** What to produce **
Set down all of the records below exactly, please, omitting the images.

** The data **

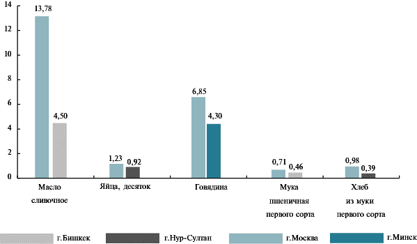 В декабре 2019 года уровень средних розничных цен на молоко пастеризованное по городу Бишкек сложился выше цен, наблюдаемых в городе Нур-Султан - на 4,1 процента и городе Минск - на 8,1 процента, говядину в городе Нур-Султан - на 1,2 процента, в городе Минск - на 15,9 процента, а на хлеб из муки первого сорта в городе Нур-Султан - на 38,1 процента, в городе Минск – на 3,2 процента. Вместе с тем, в декабре 2019 года средние цены на яйца по городу Бишкек превысили их уровень по городу Нур-Султан - на 13,2 процента.
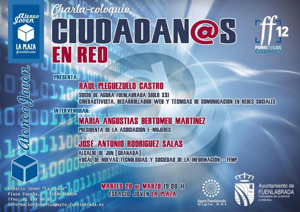 Ateneo Joven: «Ciudadan@s en Red», charla-coloquio organizada por Ágora Fuenlabrada Siglo XXI en colaboración con la Concejalía de Juventud e Infancia del Ayuntamiento de Fuenlabrada. Tendrá lugar en el Espacio Joven la Plaza, el próximo martes 20 de marzo a las 19:00 horas.
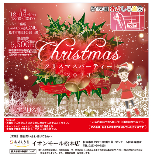 | イベント名 | 【イオン松本】クリスマスパーティー2023 |
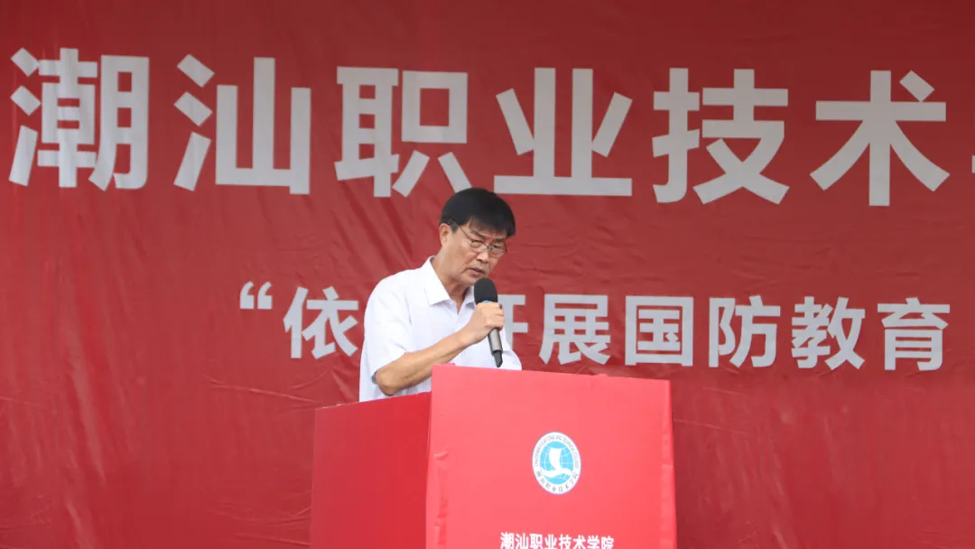 普宁市人民武装部部长蔡教煜、普宁市委宣传部副部长、市文明办主任、市融媒体中心主任张选贤、潮汕学院董事长纪少游、潮汕学院院长曾向昌、潮汕学院党委书记李育华、普宁市人民武装部军事科负责人赖晓桐、普宁市委宣传部宣传教育和文艺组组长黄惠芹、民兵教官队长杨晓东等领导出席现场。
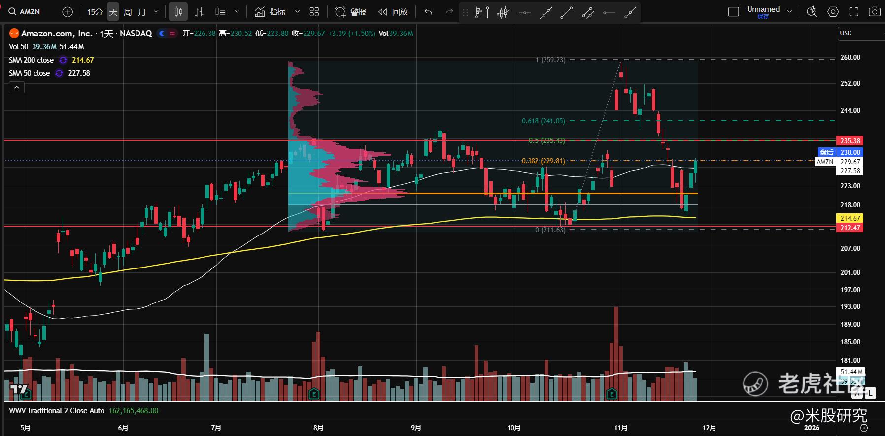 5、 $亚马逊(AMZN)$ 已跌回之前的盘整区间,11月的突破证明是假突破,并积累了大量套牢盘。再度上行将阻力重重,不要急于抄底。
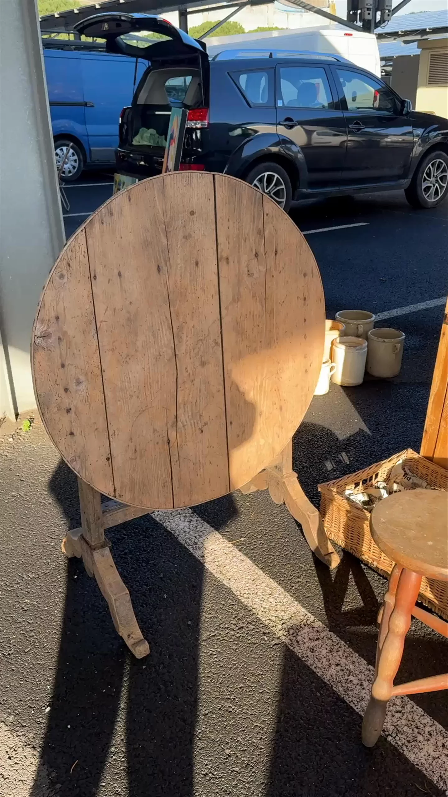 Once used in French vineyards to sample the latest vintages right in the cellar, this antique wine tasting table has weathered many a bold red and crisp white. The round top - worn smooth with time, scattered with old nails and splits - folds down on a collapsible base, though we prefer it open, of course, on the paving stone patio with a Spritz in hand and a dish of olives nearby.
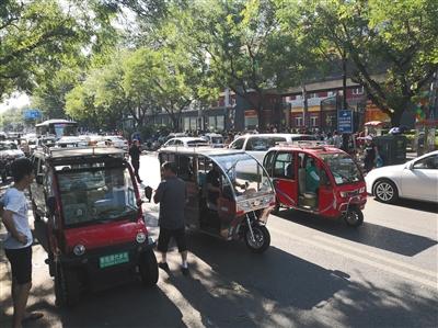 6月28日,角门北路,电动车销售店将几辆待售的老年代步车停放在路边,以躲避工商部门的禁售检查。新京报记者 王飞 摄
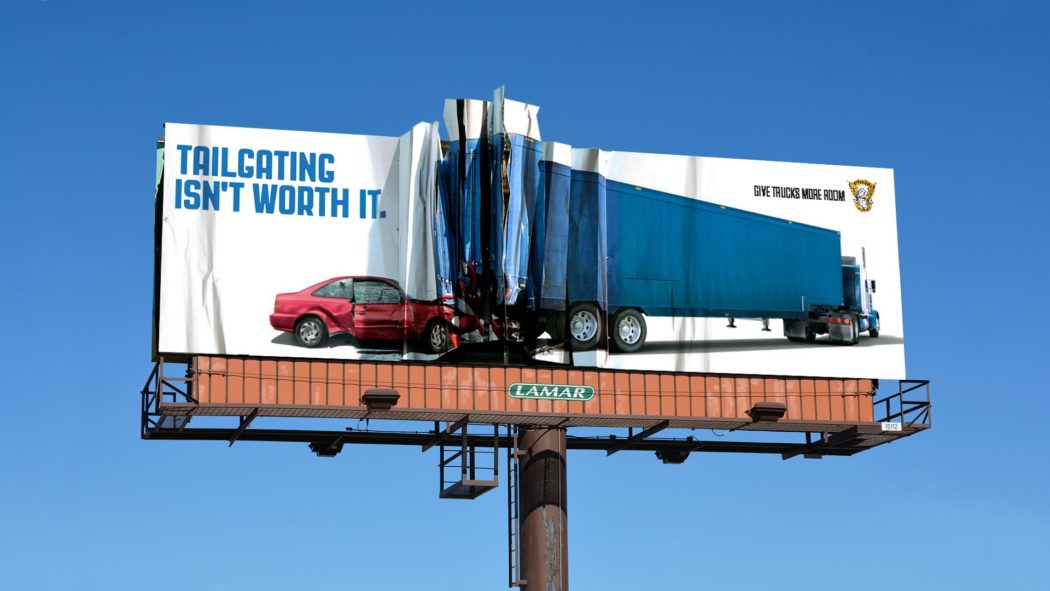 Подходите к созданию рекламы творчески. «Плоский» билборд — решение стандартное и вовсе не обязательно вводить его в абсолют. Рекламоноситель можно сделать трехмерным, добавить движущиеся элементы, анимировать, сделать интерактивным. Нет таких причин, согласно которым наружная реклама должна быть просто плакатом большого размера. Это шанс сделать что-то броское и запоминающееся, так что дерзайте. Преимущество — возможность получить дополнительный охват аудитории при освещении кампании новостными изданиями. Хорошей иллюстрацией такого развития событий служит наружная реклама Патрульной службы Колорадо, предупреждающая об опасности движения вплотную к впереди идущей машине (автор статьи выступал в роли креативного директора этой кампании, — прим. перев.). Эта работа попала в выпуски новостей множества телеканалов. Стоимость размещения трехмерной конструкции не сильно отличалась от обычного постера, но многократно окупилась за счет паблисити.
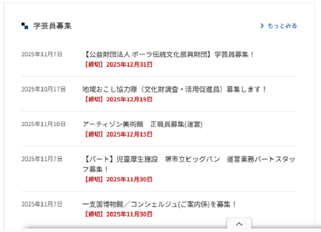 専門サイトならではのスピード感で募集情報をキャッチできるので、学芸員を目指すなら定期的にチェックしておくのがおすすめです。
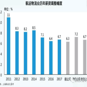 11月3日消息,上海航運交易所及CDC聯(lián)合發(fā)布的《2017上海航運物流業(yè)薪酬福利調(diào)研報告》顯示,2017年度航運物流行業(yè)平均薪資調(diào)整幅度約為6.7%,比2016年提高0.3個百分點,顯示整體市場回暖態(tài)勢。但6.7%的薪資調(diào)整服務仍為七年來的第二低。
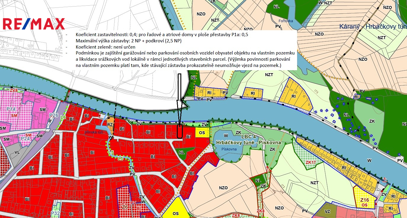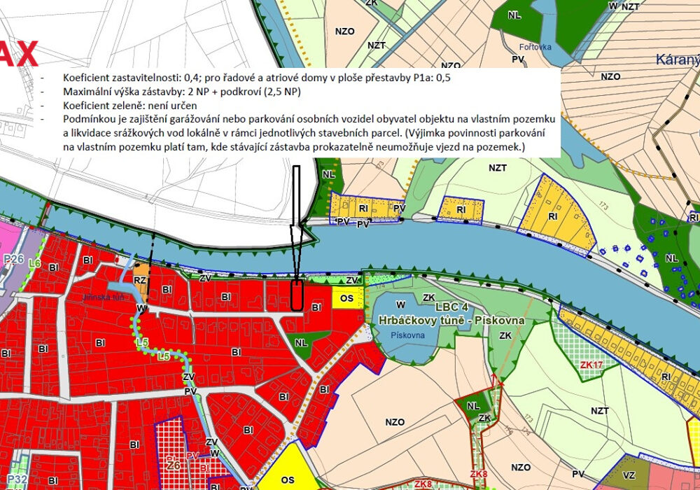 Podmínky ÚP: zastavitelnost (0,4), výška 2 NP + podkroví, parkování a likvidace srážkových vod na pozemku.
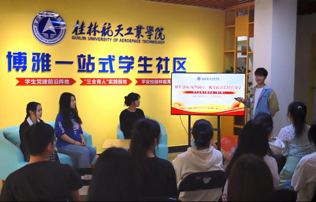 本次优秀宿舍长经验分享活动以“朋辈引领 筑梦前行”为主题,共邀请3名2023年优秀宿舍长“引航员”与大家畅谈心声、分享经验。首先,他们从“宿舍长是谁”这一问题出发,引出宿舍长作为加强宿舍安全管理、守牢宿舍安全底线、增强舍友相互交流的责任人和协助人的重要作用;接着,他们分别从“如何营造良好的宿舍学习环境”“如何处理舍友之间的矛盾”以及“如何提升个人能力与舍友共进步”等方面分享自己的个人体会。最后,在交流互动环节,“引航员”们耐心地对同学们提出的宿舍安全、纪律、卫生等多个问题一一进行解答,气氛热烈而融洽。
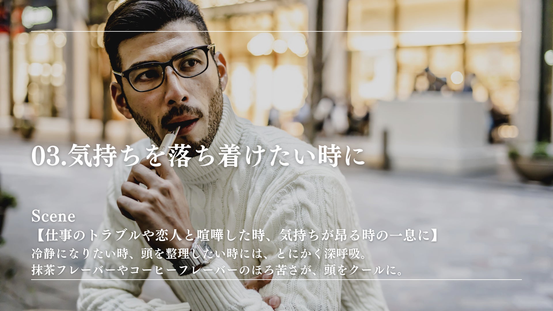 タバコとは異なり人体に有害な成分や嫌な臭いも一切しないため、オフィスや車内などでも利用可能なヘルシーでスマートに睡眠の質や仕事パフォーマンスを高めるリラクゼーションプロダクト。

** Exercise answer **
 В декабре 2019 года уровень средних розничных цен на молоко пастеризованное по городу Бишкек сложился выше цен, наблюдаемых в городе Нур-Султан - на 4,1 процента и городе Минск - на 8,1 процента, говядину в городе Нур-Султан - на 1,2 процента, в городе Минск - на 15,9 процента, а на хлеб из муки первого сорта в городе Нур-Султан - на 38,1 процента, в городе Минск – на 3,2 процента. Вместе с тем, в декабре 2019 года средние цены на яйца по городу Бишкек превысили их уровень по городу Нур-Султан - на 13,2 процента.
 Ateneo Joven: «Ciudadan@s en Red», charla-coloquio organizada por Ágora Fuenlabrada Siglo XXI en colaboración con la Concejalía de Juventud e Infancia del Ayuntamiento de Fuenlabrada. Tendrá lugar en el Espacio Joven la Plaza, el próximo martes 20 de marzo a las 19:00 horas.
 | イベント名 | 【イオン松本】クリスマスパーティー2023 |
 普宁市人民武装部部长蔡教煜、普宁市委宣传部副部长、市文明办主任、市融媒体中心主任张选贤、潮汕学院董事长纪少游、潮汕学院院长曾向昌、潮汕学院党委书记李育华、普宁市人民武装部军事科负责人赖晓桐、普宁市委宣传部宣传教育和文艺组组长黄惠芹、民兵教官队长杨晓东等领导出席现场。
 5、 $亚马逊(AMZN)$ 已跌回之前的盘整区间,11月的突破证明是假突破,并积累了大量套牢盘。再度上行将阻力重重,不要急于抄底。
 Once used in French vineyards to sample the latest vintages right in the cellar, this antique wine tasting table has weathered many a bold red and crisp white. The round top - worn smooth with time, scattered with old nails and splits - folds down on a collapsible base, though we prefer it open, of course, on the paving stone patio with a Spritz in hand and a dish of olives nearby.
 6月28日,角门北路,电动车销售店将几辆待售的老年代步车停放在路边,以躲避工商部门的禁售检查。新京报记者 王飞 摄
 Подходите к созданию рекламы творчески. «Плоский» билборд — решение стандартное и вовсе не обязательно вводить его в абсолют. Рекламоноситель можно сделать трехмерным, добавить движущиеся элементы, анимировать, сделать интерактивным. Нет таких причин, согласно которым наружная реклама должна быть просто плакатом большого размера. Это шанс сделать что-то броское и запоминающееся, так что дерзайте. Преимущество — возможность получить дополнительный охват аудитории при освещении кампании новостными изданиями. Хорошей иллюстрацией такого развития событий служит наружная реклама Патрульной службы Колорадо, предупреждающая об опасности движения вплотную к впереди идущей машине (автор статьи выступал в роли креативного директора этой кампании, — прим. перев.). Эта работа попала в выпуски новостей множества телеканалов. Стоимость размещения трехмерной конструкции не сильно отличалась от обычного постера, но многократно окупилась за счет паблисити.
 専門サイトならではのスピード感で募集情報をキャッチできるので、学芸員を目指すなら定期的にチェックしておくのがおすすめです。
 11月3日消息,上海航運交易所及CDC聯(lián)合發(fā)布的《2017上海航運物流業(yè)薪酬福利調(diào)研報告》顯示,2017年度航運物流行業(yè)平均薪資調(diào)整幅度約為6.7%,比2016年提高0.3個百分點,顯示整體市場回暖態(tài)勢。但6.7%的薪資調(diào)整服務仍為七年來的第二低。
 Podmínky ÚP: zastavitelnost (0,4), výška 2 NP + podkroví, parkování a likvidace srážkových vod na pozemku.
 本次优秀宿舍长经验分享活动以“朋辈引领 筑梦前行”为主题,共邀请3名2023年优秀宿舍长“引航员”与大家畅谈心声、分享经验。首先,他们从“宿舍长是谁”这一问题出发,引出宿舍长作为加强宿舍安全管理、守牢宿舍安全底线、增强舍友相互交流的责任人和协助人的重要作用;接着,他们分别从“如何营造良好的宿舍学习环境”“如何处理舍友之间的矛盾”以及“如何提升个人能力与舍友共进步”等方面分享自己的个人体会。最后,在交流互动环节,“引航员”们耐心地对同学们提出的宿舍安全、纪律、卫生等多个问题一一进行解答,气氛热烈而融洽。
 タバコとは異なり人体に有害な成分や嫌な臭いも一切しないため、オフィスや車内などでも利用可能なヘルシーでスマートに睡眠の質や仕事パフォーマンスを高めるリラクゼーションプロダクト。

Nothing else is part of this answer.